Dataset excerpt:
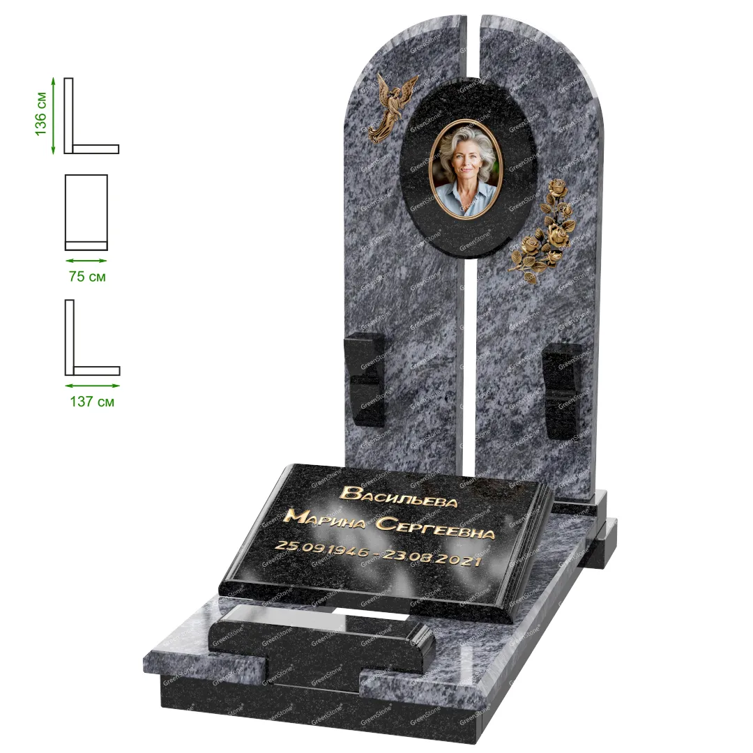 Визуально комплекс отличается от типовой формы не только формой, но и размерами. Массивная стела позволяет дизайнеру реализовать практически любые задумки и пожелания Заказчика, придать готовому изделию солидный вид, раскрыть все достоинства использованного в его изготовлении гранита. Такой габаритный памятник требует профессиональной доставки и установки. Все это также можно заказать в мастерской Грин-Стоун.
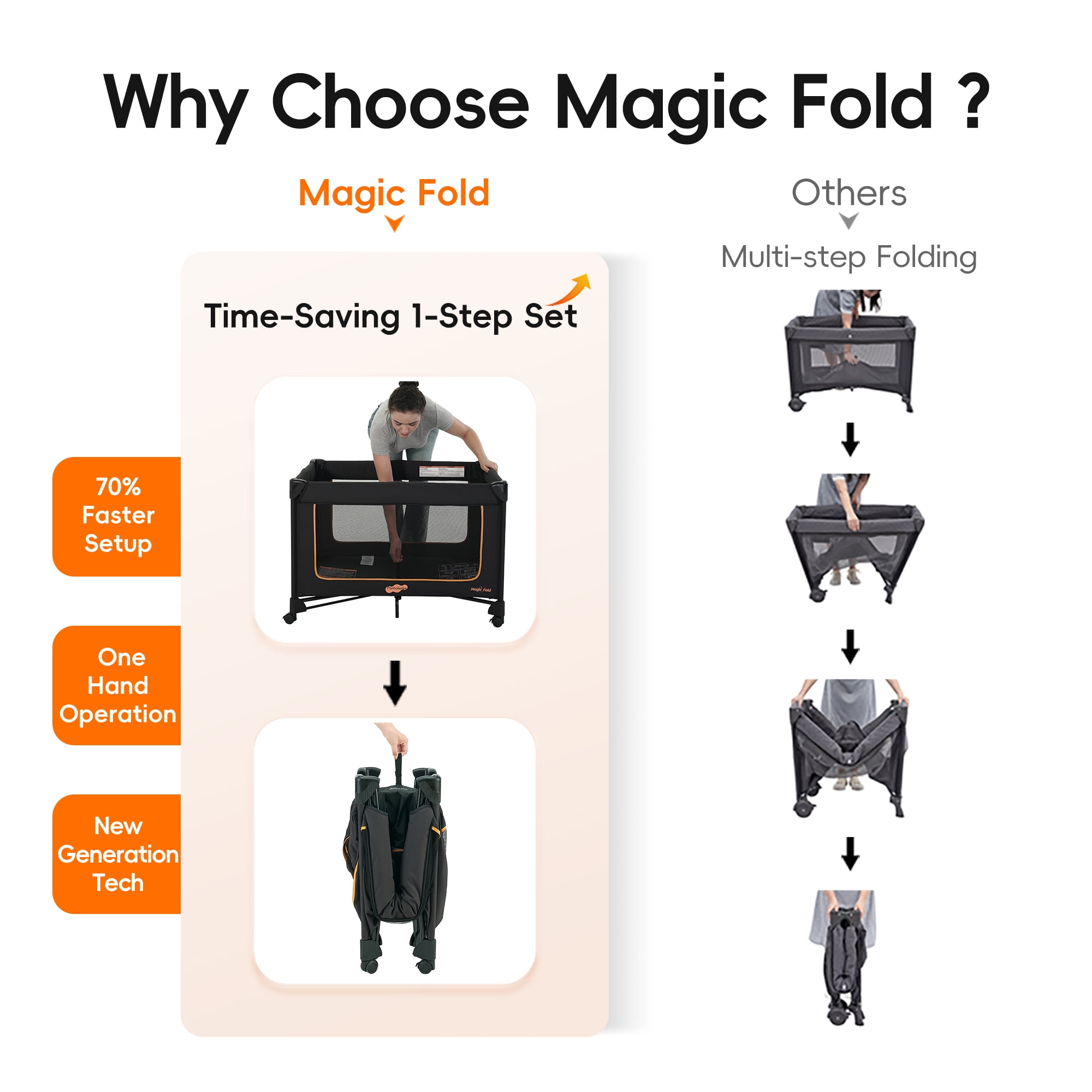 Pamo Babe Baby Playard Magic Fold 1 Step Bassinet & Changing Table for Newborn, 4-Panels (Black)
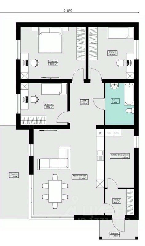 — Общая площадь: 132м²

Assigned task: Reproduce the listing verbatim, pictures excluded.

Response to the exercise:
 Визуально комплекс отличается от типовой формы не только формой, но и размерами. Массивная стела позволяет дизайнеру реализовать практически любые задумки и пожелания Заказчика, придать готовому изделию солидный вид, раскрыть все достоинства использованного в его изготовлении гранита. Такой габаритный памятник требует профессиональной доставки и установки. Все это также можно заказать в мастерской Грин-Стоун.
 Pamo Babe Baby Playard Magic Fold 1 Step Bassinet & Changing Table for Newborn, 4-Panels (Black)
 — Общая площадь: 132м²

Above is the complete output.